** DATA PROVIDED follows **
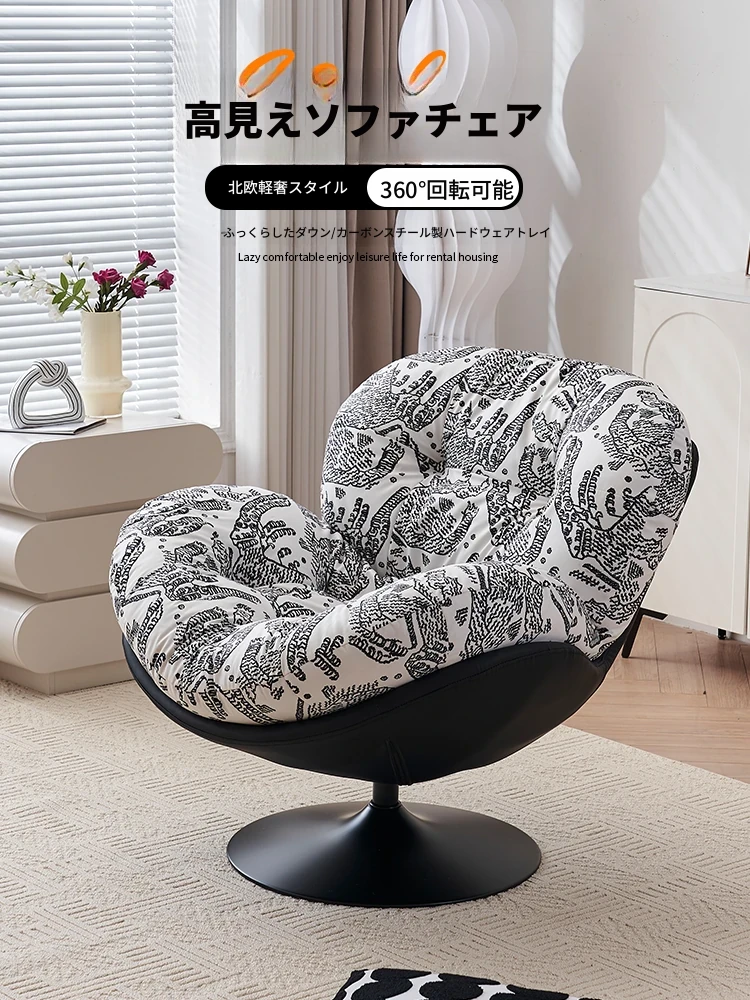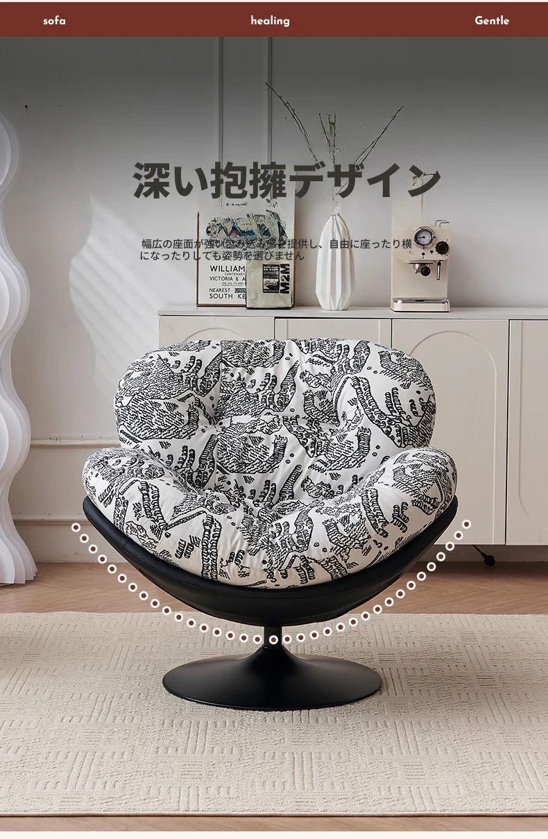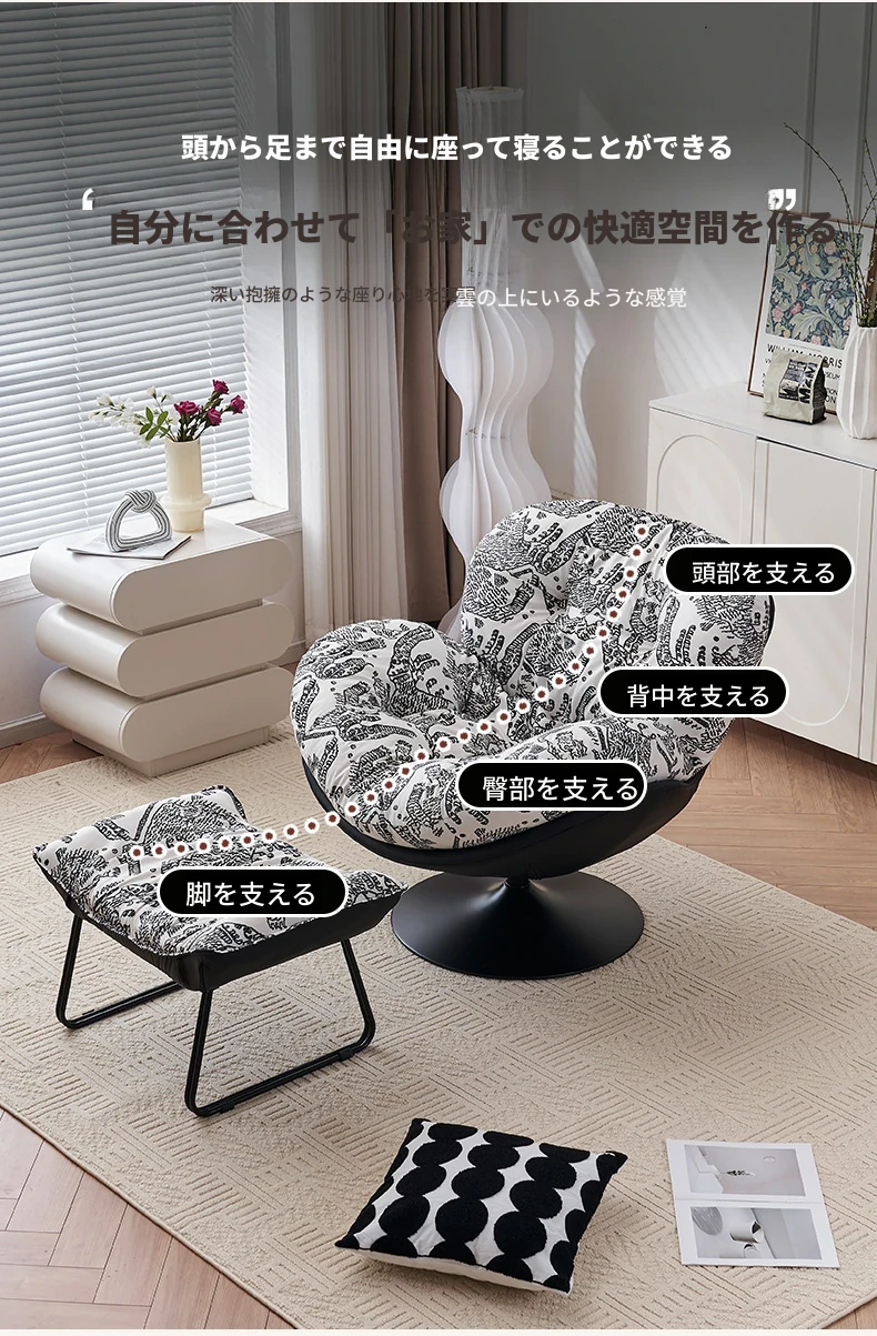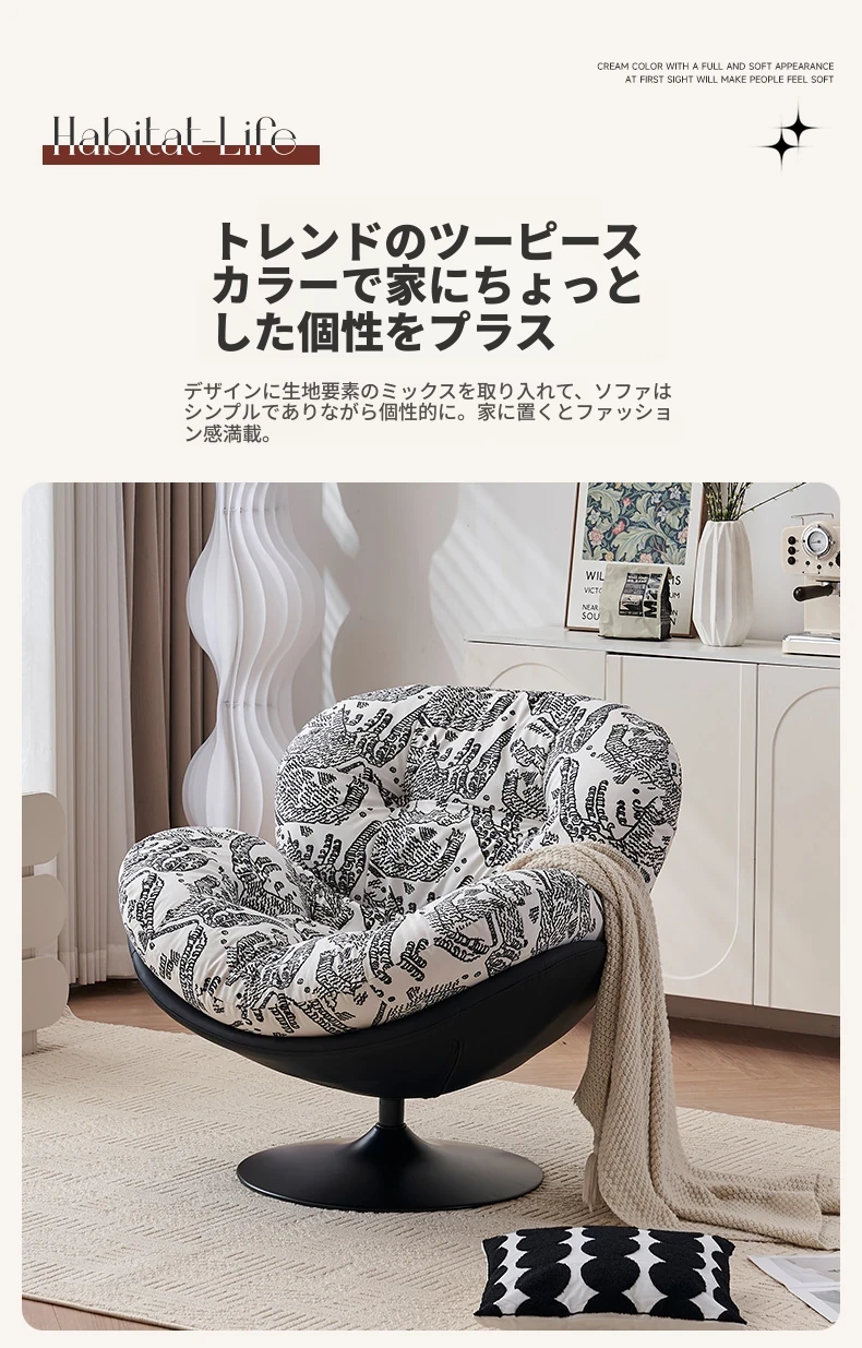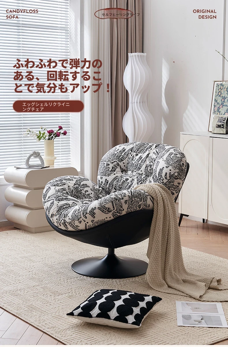 レトロデザインの一人用ソファチェア、バルコニーやリビングにぴったり!回転機能付きの卵型チェアで、小スペースでもゆったりとくつろげる。おしゃれで快適なリラックス空間をあなたの家に!
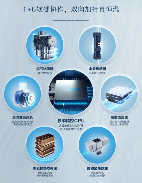 硬件上,【川】系列燃气热水器HT730搭载秒瞬精控CPU,内置全新升级的PID智能算法,可达6500万/秒超速运算,精准计算水气配比,使燃气比例阀和水量传感器快速响应,迅捷精控持久恒温。水流量传感器,可精准调节进出口水量,在CPU的配合下实现水温恒定;燃气比例阀,实时精控燃气用量,高能效稳定控温;高效燃烧器,创新增氧V型火排,增大30%燃烧面积,增强89.68%燃烧效率,削弱15%运行噪音,分段稳然技术让小火中火大火灵活调控,实现35-60℃宽幅调温。直流变频风机,最高5000r/min转速无极变速高效供氧充足。高效无氧铜热交换器,除了导热性耐腐蚀性出色,还具备更强的热冲击性能。陶瓷加热防冻,当水温低至5℃,四个陶瓷加热器便会启动加热保护,无惧国内高寒天气,-20℃也能安心热浴。1+6的软硬件协作,便可让【川】系列燃气热水器HT730输出澎湃热水,给予你舒适的沐浴体验与不间断的温暖关怀。
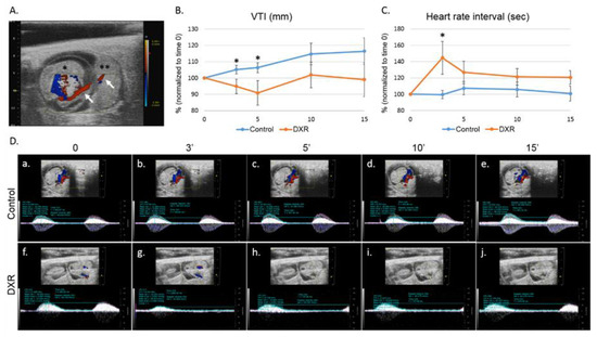 Figure 1. Blood flow in the umbilical cord. (A) On day E12.5 of pregnancy, an umbilical cord artery of one embryo was viewed by Color Doppler mode; presentation of an embryo (*) with its adjacent placenta (**) and the umbilical cord (arrows) in which the acquisition was taken. Following a short stabilization period, a baseline arterial blood flow was recorded and quantified. Then, mice were injected with either doxorubicin (DXR; 8 mg/kg, n = 7, n = number of imaged arteries, one embryo per pregnant mouse) or saline (control; n = 6). The arterial blood flow was monitored continuously by pulse-wave (PW) Doppler mode for 15 min, recorded and analyzed at various time points post injection by analyzing the (B) velocity time integral (VTI); and (C) heart rate interval. (D) Representative PW Doppler photos of the analyzed time points. Analysis of each PW Doppler cine loop was performed. Values of post-treatment imaging were normalized according to pretreatment imaging values of each mouse (defined as 100%). Saline-injected mice were standardized to 100% as a reference to DXR-injected mice. Data are expressed as mean ± standard error of mean (SEM). Individual comparisons were made using a Student’s t-test. (*) P value of 0.05 was considered statistically significant.
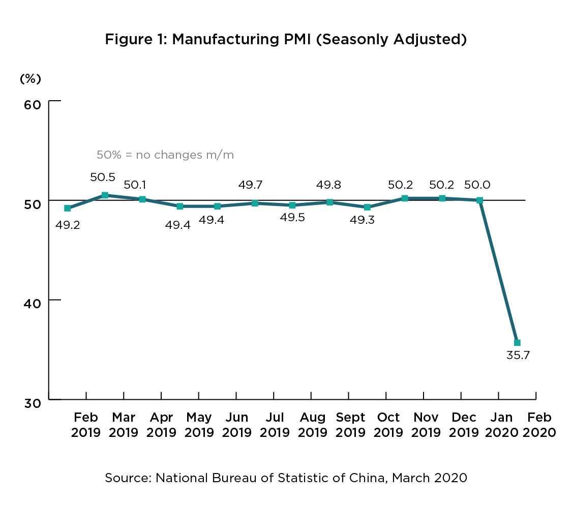 • The Manufacturing Purchasing Managers Index (PMI), a measure of factory activity across the country, plummeted to a record low of 35.7 in February 2020, down from 50.0 the month before (see Figure 1).4
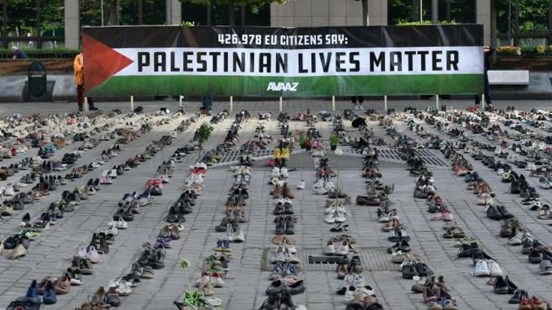 آلاف الأحذية أمام مقرّ الاتحاد الأوروبي ببروكسل تضامنا مع فلسطين
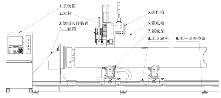 本機是一種對鋼管端部結合處作自動計算和切斷的設備。該機器能廣泛應用于建筑、化工、機械、冶金等行業的管道結構件的切割加工。這些行業中有大量的管道結和相貫線孔、相貫線端頭,還有俗稱“蝦米節”的彎頭,此類加工大多采用制作樣板、劃線、人工放樣、手工切割、人工打磨等落后又繁復的方法來進行。而本機能十分方便的切割此類工件,并且操作人員不需計算與手工編程、只需輸入相互配合的管子的半徑、相交角度等參數,機器就能自動切割出管子的相貫線、相貫孔、以及焊接坡口。
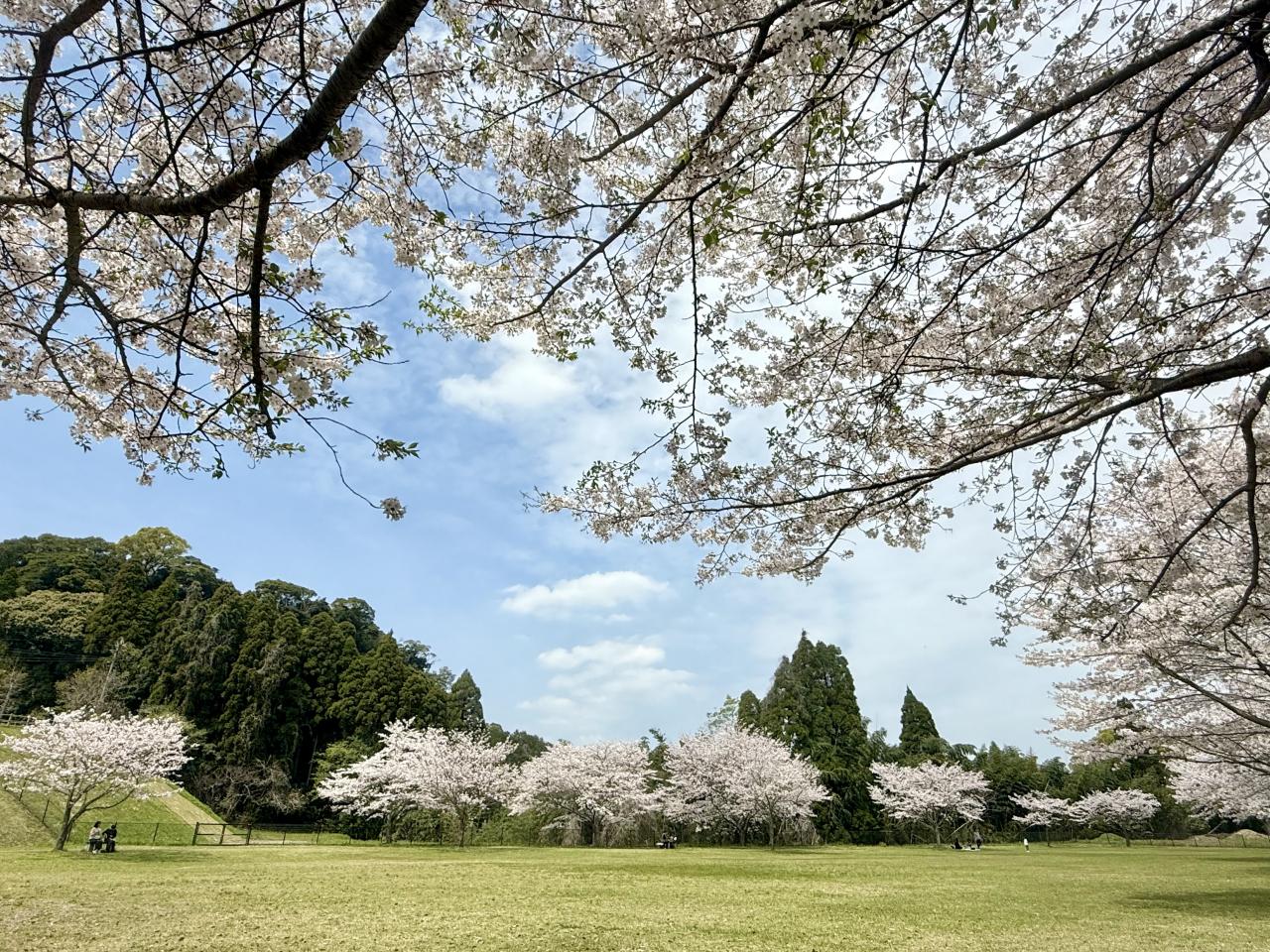 4月3日仕事が早く終わり、2日続けての花見は国分城山公園へ、下の駐車場横の広場は満開
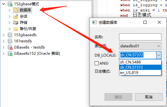 选中数据库,鼠标右键点击创建数据库,在DB_LOCALE中选择需要的数据库字符集,然后进行创建
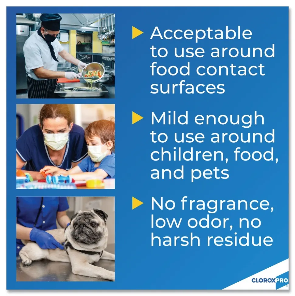 Gentle enough to use around kids, pets and food contact surfaces; use for daycare equipment and desks, kennels, gym equipment, cafeteria table tops and much more
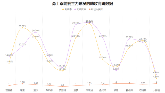 从季前赛来看,霍福德虽然基础数据看起来平庸,但他送出助攻数占总处理球数的助攻率为19.5%,在场每百回合有助攻回合的助攻比率为23.5%,助攻失误比为2,三项高阶助攻数据优秀意味着他非常适合勇士的传切体系,即使是中锋但他有高效的助攻表现。
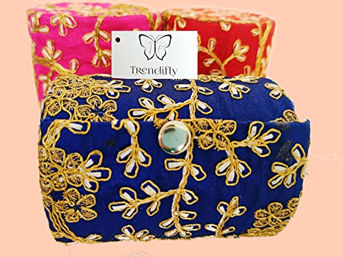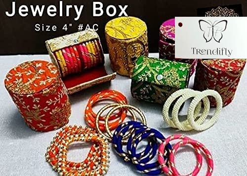 Trendifly brings for customer a Fully Embroidery wood design Bangle box. so this is very durable long-lasting and very useful. This has an attractive and elegant look and has embossed flower circle design which increases the beauty of this bangle box. This is used to organize your bangles systematically and protect them from breakage so keep delicate your bangles safely. Handmade with durable ply with velvet coating premium quality and sophisticated look. Keeps delicate bangle safe and dust free a perfect gift durable lasts for years displayed bangles are for demonstration. It's a best option to use while travelling and in home it will help you to keep your heavy bangles in a separate cover from other items in your luggage lock. Now organize your bangles systematically and protect them from breakage. Ideal Choice For: wooden bangle storage box Bracelet Box Bangle Box Bangle case Bridal Wedding Box Gift (Shagun) Box Wrist Watch Box kit Organizer earring box etc. Its MADE IN INDIA ECO FRIENDLY AND EMPOWERMENT TO WOMEN. BEST FOR GIFTING PURPOS.
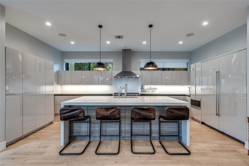 Modern Luxury Estate in Forest HillsSet on nearly 0.5 acre in East Dallas, this modern estate offers a rare opportunity for luxury contemporary living just 4 blocks from White Rock Lake & the Dallas Arboretum, only 11 minutes to Downtown. Designed with clean architectural lines & timeless finishes, this newer construction home blends sophistication & comfort. The versatile floor plan lives like a sprawling single story with the primary suite, 2 living areas, dining & guest room—all on the main level with seamless access to the stunning infinity-edge spa-like pool & outdoor gas fireplace—perfect for star-gazing nights. Upstairs offers 3 additional bedrooms & a large game room. The chef’s kitchen features Sub-Zero & Bosch appliances, oversized island & full-size side-by-side refrigerator & freezer. Additional highlights include limestone exterior, Quaker windows, boutique-style primary closet & a 3-car garage with epoxy floors & ceiling height for a vehicle lift. Energy-efficient systems, designer lighting & hardwood floors complete this modern Forest Hills masterpiece.
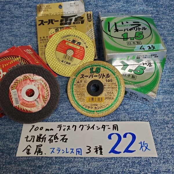 > 【アウトレット品】 NORITAKE SANKO 他 切断砥石 ステンレス用 金属用 100㎜ディスクグラインダー用 22枚セット 丸のこ sp-031-221
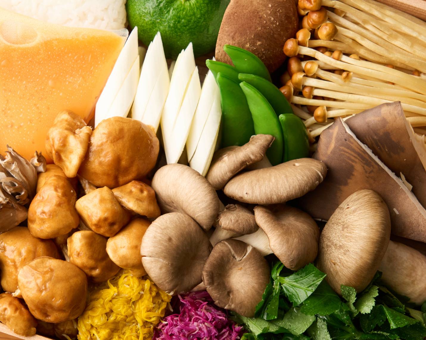 甘鯛、蛤、牛、椎茸、鮑茸、山えのき、蕪付き大なめこ、大国占地、舞茸、三つ葉、平茸、葱、スナップエンドウ、菊花、葛切り、白飯、卵、酢醤油、出汁
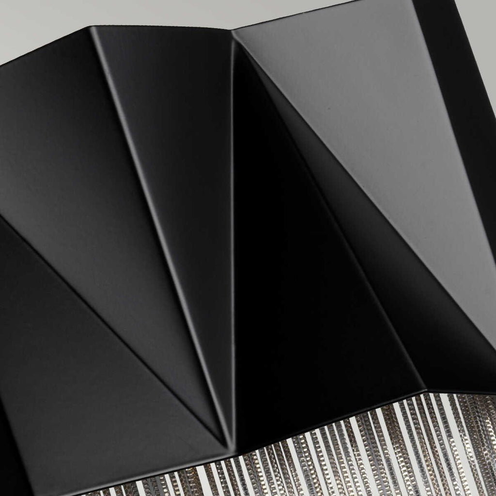 The Hinkley Zuma 3 Light Satin Black & Silver Wall Light features a striking geometric design with a sleek black finish, complemented by cascading metallic chains that add a touch of elegance and modernity. Perfect for enhancing the ambiance of a living room or bedroom, this fixture provides a sophisticated accent that blends seamlessly with contemporary decor. Designed to be used with LED lamp bulbs, it offers energy-efficient illumination while creating a warm and inviting atmosphere.
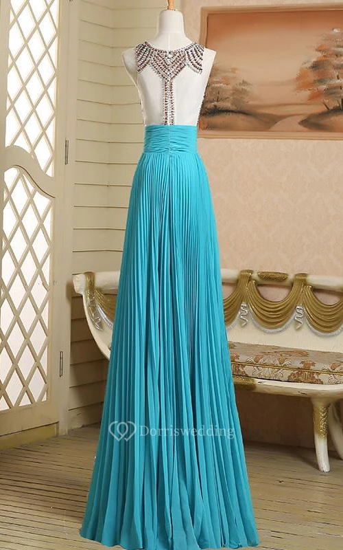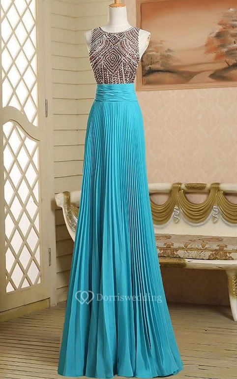 Round Neck A-Line Beading Ruched Long Prom Dress
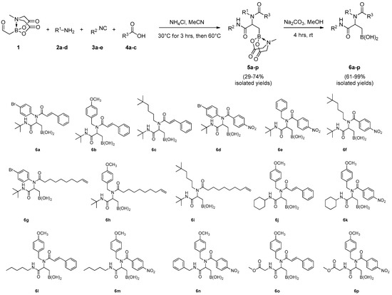 Scope of the Ugi-4CRaa synthesis of compounds 5a–p: all reactions were performed using MIDA-protected α-boryl aldehyde 1 (0.6 mmol), amine 2 (0.7 mmol), carboxylic acid 4 (0.7 mmol), NH4Cl (1.0 mmol), and isocyanide 3 (1.0 mmol) in MeCN (6 mL), under heating (30–60 oC) for 24 h. Synthesis of compounds 6a–p: all reactions were performed using compounds 5a–p (0.5 mmol) and solid Na2CO3 (9.0 mmol) in MeOH (7 mL), at room temperature, for 4 h.
** End of DATA PROVIDED **
**YOUR TASK:**
Copy exactly the lines that begin at the one containing "Round Neck A-Line" and end at the last line of the records, both included, omitting the pictures.

**FINISHED EXERCISE:**
 Round Neck A-Line Beading Ruched Long Prom Dress
 Scope of the Ugi-4CRaa synthesis of compounds 5a–p: all reactions were performed using MIDA-protected α-boryl aldehyde 1 (0.6 mmol), amine 2 (0.7 mmol), carboxylic acid 4 (0.7 mmol), NH4Cl (1.0 mmol), and isocyanide 3 (1.0 mmol) in MeCN (6 mL), under heating (30–60 oC) for 24 h. Synthesis of compounds 6a–p: all reactions were performed using compounds 5a–p (0.5 mmol) and solid Na2CO3 (9.0 mmol) in MeOH (7 mL), at room temperature, for 4 h.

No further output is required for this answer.